Twitter and its C-level officials took to both their own platform and the press immediately, making as many users as possible aware of the situation. They also advised all users, even those who hadn’t had their account locked, to change their password.
Twitter CTO Parag Agrawal released a blog on the day announcing the mistake, explaining both how it happened and what it meant in layman’s terms.
The fact that Twitter simply advised its users to change their passwords rather than forcing them to do so (as they did to those affected by their 2016 hack) suggests that the level of real threat here was relatively low.
Agrawal certainly didn’t hesitate to mention that Twitter weren’t obliged to share this information, it was just the right thing to do.
While this was laying it on a bit thick in terms of moral high ground – and likely an underhanded jab at Facebook – it was the right thing to say, and given the freshness of fears around data usage, it was the right time to say it.

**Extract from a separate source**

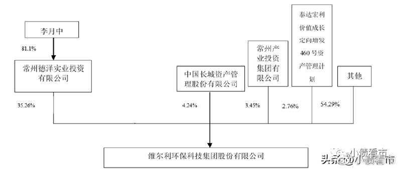 从股权结构看,维尔利控股股东为常州德泽实业投资有限公司(以下简称“常州德泽”),持股比例为35.26%,李月中持有常州德泽81.1%股份,为公司实际控制人。

Skepticists, computer scientists and developers among you are probably thinking that while Twitter have donned a veil of openness here, this can’t be the whole story.
Given that Twitter refused to comment on conjecture that the bug may have been let in by neglectful developers, you might be right.
But, as we’ve discussed in our other blogs on PR wins, Twitter did right by acting quick, owning the moment and controlling the conversation around it.
Despite Twitter's situation being much less severe in terms of those affected, and less damaging to their reputation, they addressed it with the clarity and honesty of a social network CEO being grilled relentlessly by tech-illiterate congressmen.
Renowned security blogger Graham Cluley even said it was “quite encouraging that Twitter both found the problem internally, and informed its users quickly and transparently”.
So, to return to the discursive mention of GDPR at the start of this piece, modern fears surrounding data security and privacy should be at the front of every marketer’s mind. The need to be transparent in your communications could not be more starkly apparent.
Of course, complete transparency is a fallacy – there’s no reason to go publishing your monthly expenses for the sake of looking honest. But you should aim to cultivate an air of openness around your business.
What was so great about Twitter’s announcement was that it was clear and concise, and also translated quite a complex internal concept in terms that the average person could understand.
Differentiate yourself from the morass of reductive and ambiguous “opt in” email blasts. If you expect someone to crown you the gatekeeper of their online information, the least you can do is reward them with coherent communication, and aim to establish a mutual element of trust and understanding.
Be there for your customers and clients – express genuine empathy and concern for them, their privacy, and the security of their data.
Better yet, let that empathy be made clear by explaining how your business is changing to be more GDPR compliant, and be transparent in your explanation of what these changes will mean for your customers.